-------- SOURCE MATERIAL

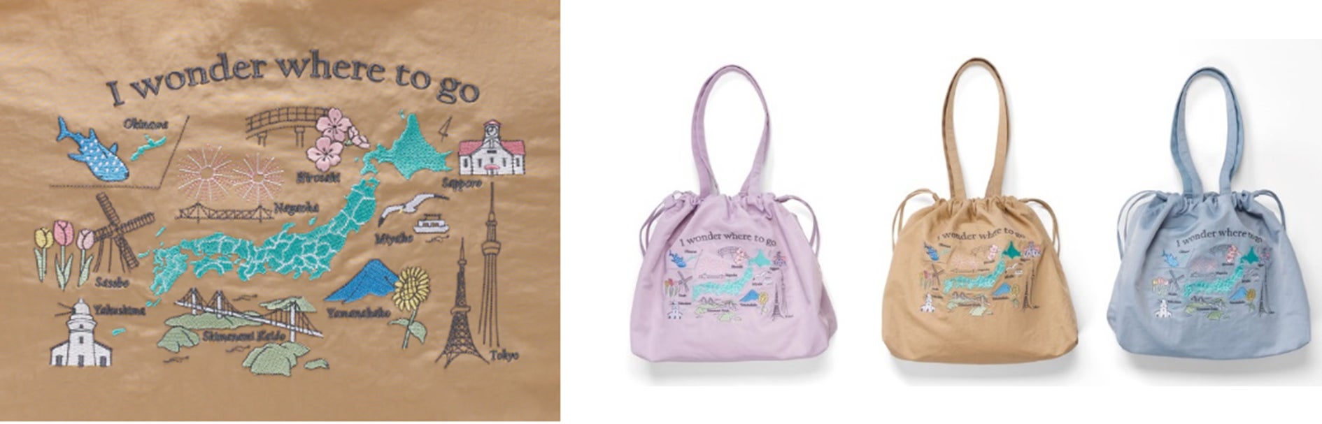 ドローストリングバッグは、日本列島のイラストマップに10エリアの観光スポットの魅力を繊細な刺繍で表現しています。眺めていると思わず旅に出たくなるデザインです。色はラベンダー、ベージュ、ブルーの3色展開。ドローストリングバッグを含む総額約11,000(税込)相当の地図柄アイテムが入っています。
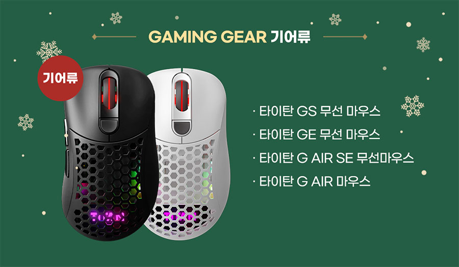 마우스 제품 중에서는 대중적인 디자인의 비대칭 GM Air 무선 마우스 또는 타이탄 G Air 무선 마우스를 추천드리며 그 이외에 제품도 괜찮으니 취향에 맞게 골라보시기 바랍니다.
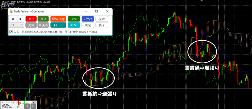 と言うことを踏まえたうえで私はこの雲のみに注視してトレードを行うことにしました。
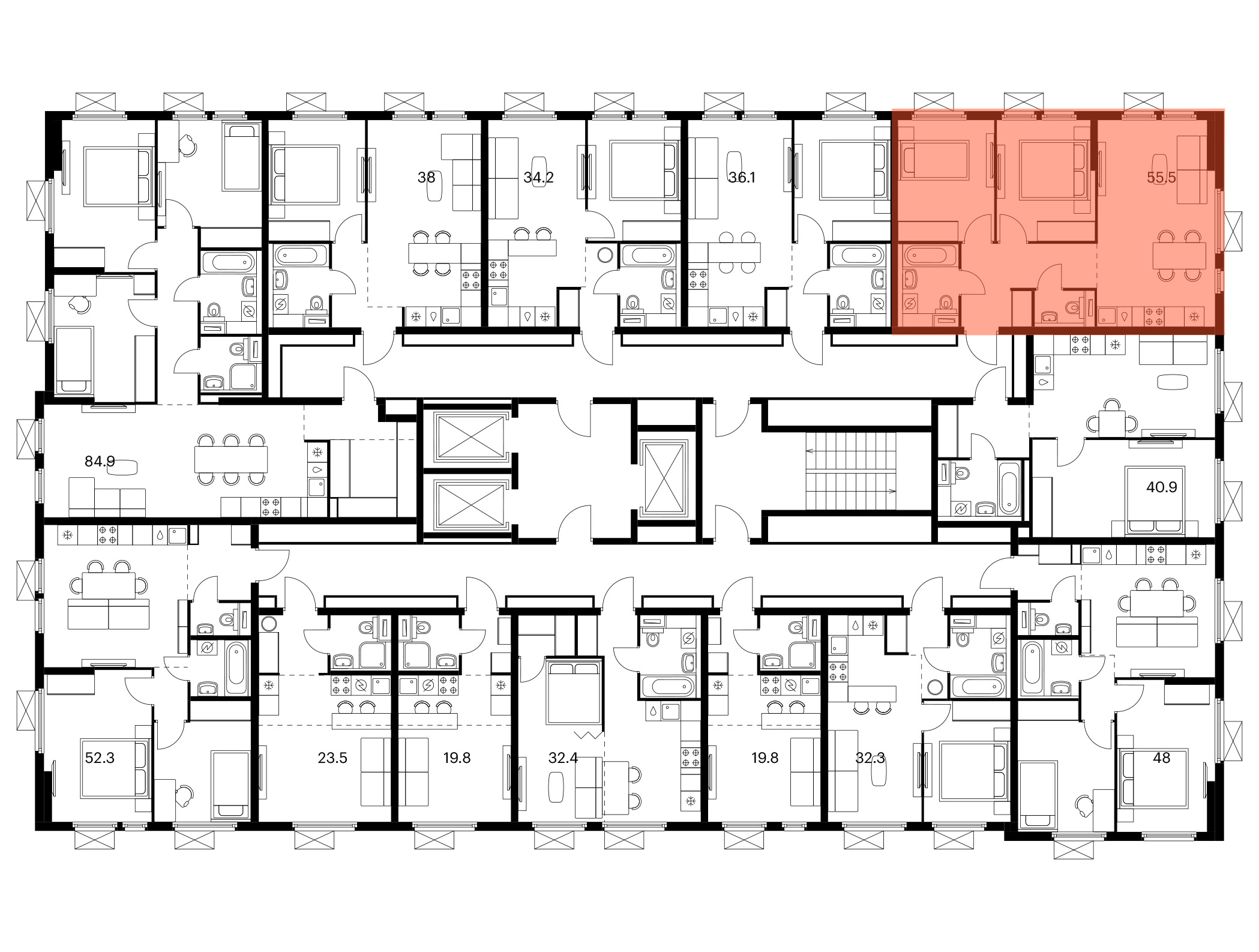 В квартирах продуман каждый метр — мы детально просчитываем все возможные сценарии и способы использовать пространство. Например, большой семье подойдёт квартира с кухней-гостиной, выделенной постирочной и спальнями, разнесёнными по разные стороны гостиной. А кому-то важнее просторная мастер-спальня с гардеробной и собственным санузлом.
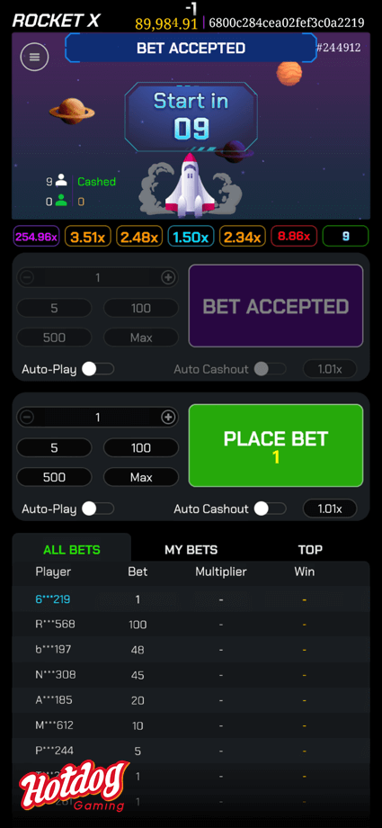 Rocket X delivers an exhilarating "Risk and Reward" experience where players place bets and predict the multiplier at which the rocket will blast off into space!

----------------

Give back the material exactly as written, from its first line to the line that contains "と言うことを踏まえたうえで私", and leave out the pictures.

 ドローストリングバッグは、日本列島のイラストマップに10エリアの観光スポットの魅力を繊細な刺繍で表現しています。眺めていると思わず旅に出たくなるデザインです。色はラベンダー、ベージュ、ブルーの3色展開。ドローストリングバッグを含む総額約11,000(税込)相当の地図柄アイテムが入っています。
 마우스 제품 중에서는 대중적인 디자인의 비대칭 GM Air 무선 마우스 또는 타이탄 G Air 무선 마우스를 추천드리며 그 이외에 제품도 괜찮으니 취향에 맞게 골라보시기 바랍니다.
 と言うことを踏まえたうえで私はこの雲のみに注視してトレードを行うことにしました。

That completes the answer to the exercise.